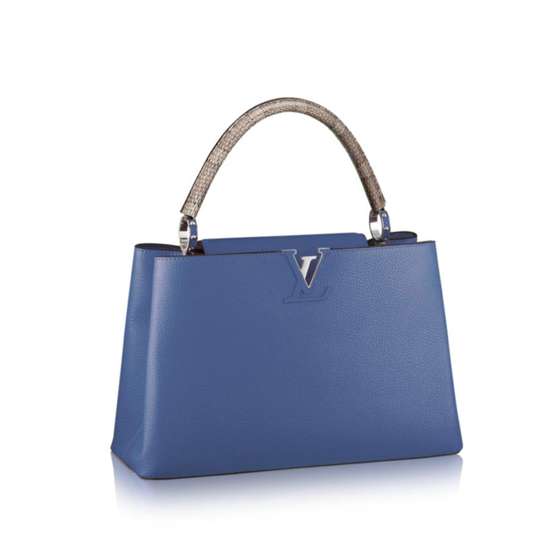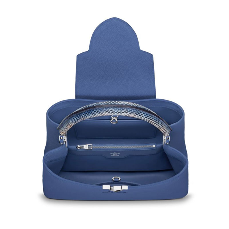 It was on the Rue des Capucines in Paris that the first Louis Vuitton store opened its doors. As timeless as the House itself, the Capucines bag brings chic sophistication to any look. Full-grain Taurillon leather combines with precious python ayers to create a luxurious handbag accented with heritage details: the LV initials, the distinctive side rings and the subtle Monogram flower on the closing flap. Its capacious interior makes the bag an ideal companion for a day of business or shopping.
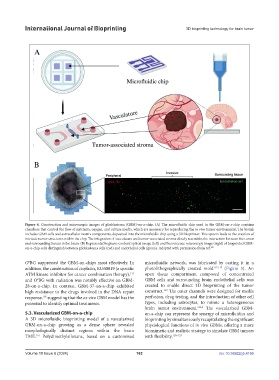 includes GBM cells and extracellular matrix components, deposited into the microfluidic chip using a 3D bioprinter. This system leads to the creation of
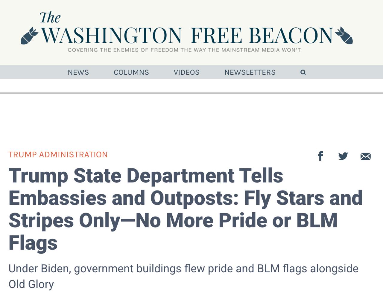А поскольку при бывшем президенте Джо Байдене часто практиковалось добавлять к ним и другие флаги вроде ЛГБТ и BLM, то медиа это трактовали именно как запрет данных символов.

Assignment ▸
Only the lines from the top of the material above down to the line bearing "includes GBM cells", that line included, should be set down exactly; no pictures.

Exercise output ▸
 It was on the Rue des Capucines in Paris that the first Louis Vuitton store opened its doors. As timeless as the House itself, the Capucines bag brings chic sophistication to any look. Full-grain Taurillon leather combines with precious python ayers to create a luxurious handbag accented with heritage details: the LV initials, the distinctive side rings and the subtle Monogram flower on the closing flap. Its capacious interior makes the bag an ideal companion for a day of business or shopping.
 includes GBM cells and extracellular matrix components, deposited into the microfluidic chip using a 3D bioprinter. This system leads to the creation of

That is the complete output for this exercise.